Apr 14, 2008 21:15
I used to ride this horse sometimes whose name was Cokes Ajax (weird name), but we just called him Ajax. He was this beautiful sixteen-hand-high buckskin Appaloosa Quarter Horse mix with what horse people call a blanket butt (meaning he had a white patch covering his rear). His musculature was just about breathtaking, and his canter was smooth as butter. And although he was pretty young, he slowly began to go blind in his left eye. Sandra asked me if I would continue to train with him until he got used to compensating for the missing eye. He had always been a favorite with the younger kids because he was very gentle yet energetic, as well as very handsome, but unfortunately, his clouding blue eye understandably made him much more skittish.

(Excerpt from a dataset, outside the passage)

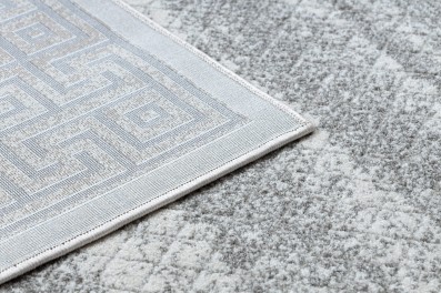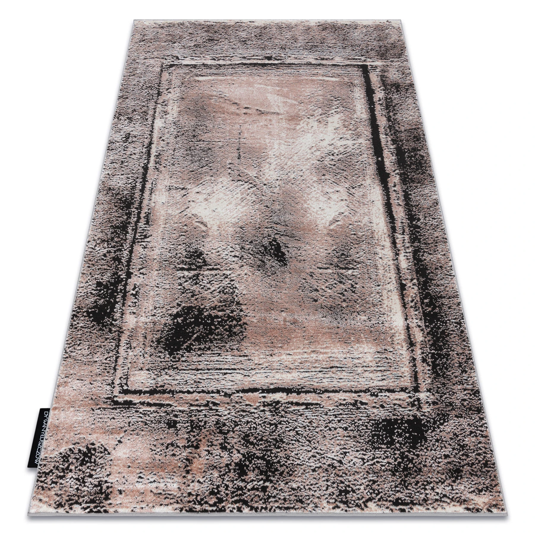 Szary dywan z delikatną różową ramką, który doskonale sprawdzi się w salonie, dodając wnętrzu subtelnego charakteru.

Soon only advanced riders were allowed on him, and our lessons were almost always one-on-one because Ajax was unused to hearing other horses come up behind him when he couldn't see them.

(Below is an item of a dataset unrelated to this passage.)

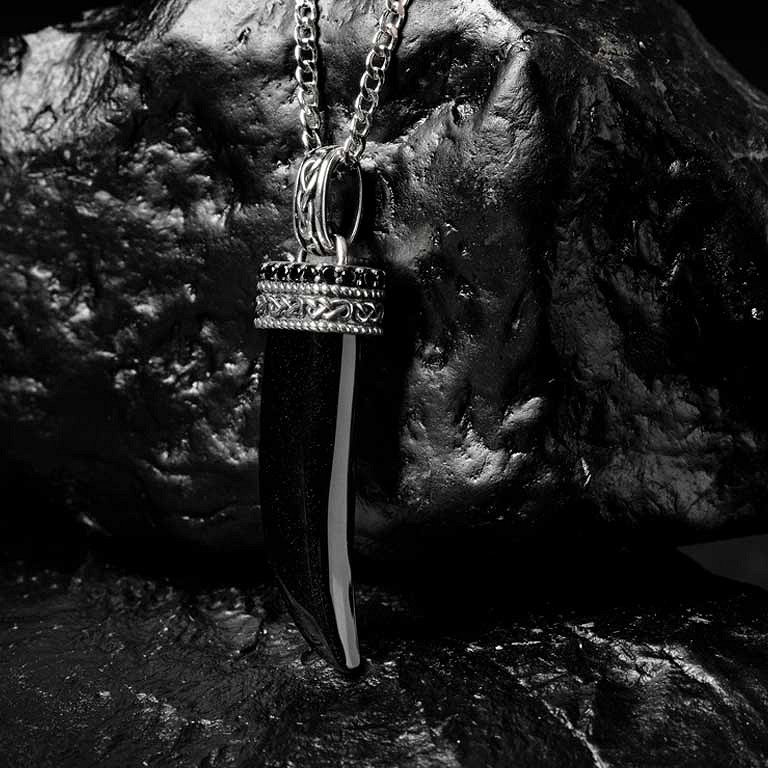 Sterling Silver Black Spinel/Onyx Horn Pendant Hunter

One day we were on the jump field and we did seven courses in a row, each course consisting of about six to ten jumps. The gate to the field was open because it was just me and my instructor. On the final line (two jumps in a row) he ducked out between the jumps and ran out into the adjoining field. Once he got there he seemed confused and just turned back around and went into the jump field at the same pace he had left it.

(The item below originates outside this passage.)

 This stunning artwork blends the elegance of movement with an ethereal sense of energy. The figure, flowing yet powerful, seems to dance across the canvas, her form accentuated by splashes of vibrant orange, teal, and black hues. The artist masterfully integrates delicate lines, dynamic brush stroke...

Today I had a dream that I was grooming him with Teg (the barn manager from camp) because she wanted me to give the older girls a demonstration. We were working on his tail when he got spooked. He ran away from us and down a road. I was trying to hold onto his tail to stop him, but he was determined to get away. A car whizzed right by us and I dropped his tail, scared. But his fear made him run faster down the enormous hill. He got to the bottom and an oncoming car slammed into his blind left side. The woman got out of the smashed car and looked around all confused. Ajax was lying in the middle of the road, screaming and bleeding. Then another car ran over him and crashed off the road. By that time Teg and I had gotten to him and he looked up, snorted, made a faint nicker, and died.